Introducing Power Automate Desktop

Power Automate Desktop is a software developed by Microsoft (download link here) to save you from a boring and repetitive manual task simply by recording mouse clicks, keystrokes, and copy-paste steps from your desktop! Power Automate is all about automation. And not just that, it is built to almost require no coding skills, you just need to know what to do. And since it is built to automate repetitive tasks, no one should know better the flow better than you. Hence, it is a perfect tool to scrap data over a website, or even multiple pages of a website just by dragging and dropping “Actions”.

Get Started

Once installed, you will be brought to this opening window, where you can see some introduction in the home tab, your current workflows, or even see some examples. As we would like to use it to scrap data over the internet, let’s take you to a demonstration on how it is done to grab data from the shopee webpage. Shopee is a commercial e-commerce site headquartered in Singapore and owned by Sea Limited, which was founded in 2009 by Forrest Li. Shopee first launched in Singapore in 2015 and has since expanded its reach to Malaysia, Thailand, Taiwan, Indonesia, Vietnam, and the Philippines (as per Wikipedia). So it is a great starting point to do web scraping with a mission to get all the list of products sold from this webpage.

Opening window

Let's start with creating a New Flow, by clicking the + button on the left corner of the window, and it will take you to a separate window. where you can choose your action, structure the flow, modifying actions, instances, and variables.

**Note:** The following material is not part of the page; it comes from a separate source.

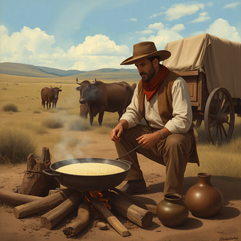 O arroz carreteiro gaúcho tem raízes profundas na história do Rio Grande do Sul, remontando aos séculos XVIII e XIX, época em que os carreteiros — tropeiros responsáveis pelo transporte de cargas em carretas puxadas por bois — cruzavam as vastas planícies do pampa. Sem geladeiras ou conservas modernas, esses trabalhadores da estrada usavam o charque, uma carne bovina salgada e seca ao sol nas charqueadas, como principal fonte de proteína. Para uma refeição rápida e nutritiva, coziam o arroz diretamente no guisado de carne, em panelas de ferro sobre fogo de chão.

And I kid you not, the number of “lines” required to do web scraping using this Power Automate Desktop (PAD) is as short as 10 lines! 6 if we exclude comments and disabled actions. To understand better each steps, let’s break it down

  1. Launch the browser

PAD works best with Chrome, Edge, and Firefox. You may choose which one is better for you by searching it in the actions panel on the left side of the window. Try to find “Browser Automation” or “Launce new Chrome”

In this window, you may define which website you want to surf by setting the initial URL. In this instance, we type “shopee.co.id” as our target.

2. Ask the Keyword

Then, we may ask the user to provide us with the product keyword that we want to scrap by providing an input window.

Not much to set here, you could leave it blanks if you will.

3. Input the keyword

Later, we will use the keyword input, and we will tell the pAD to input said keyword in the respective field in the webpage, to do this we will ask the mouse to move to the specific location where the search panel is located within the webpage. Get the PAD to type the said keyword, and then click enter.

4. The Main Course

This is the heart of this task, luckily PAD has made it easy for us to do so. How, just click the recorder button on top of the window, while opening the webpage.

Once the record button is clicked, right-click on the information that you want to get within the webpage, in this example I will try to grab the description, price, how many of it sold, and the location.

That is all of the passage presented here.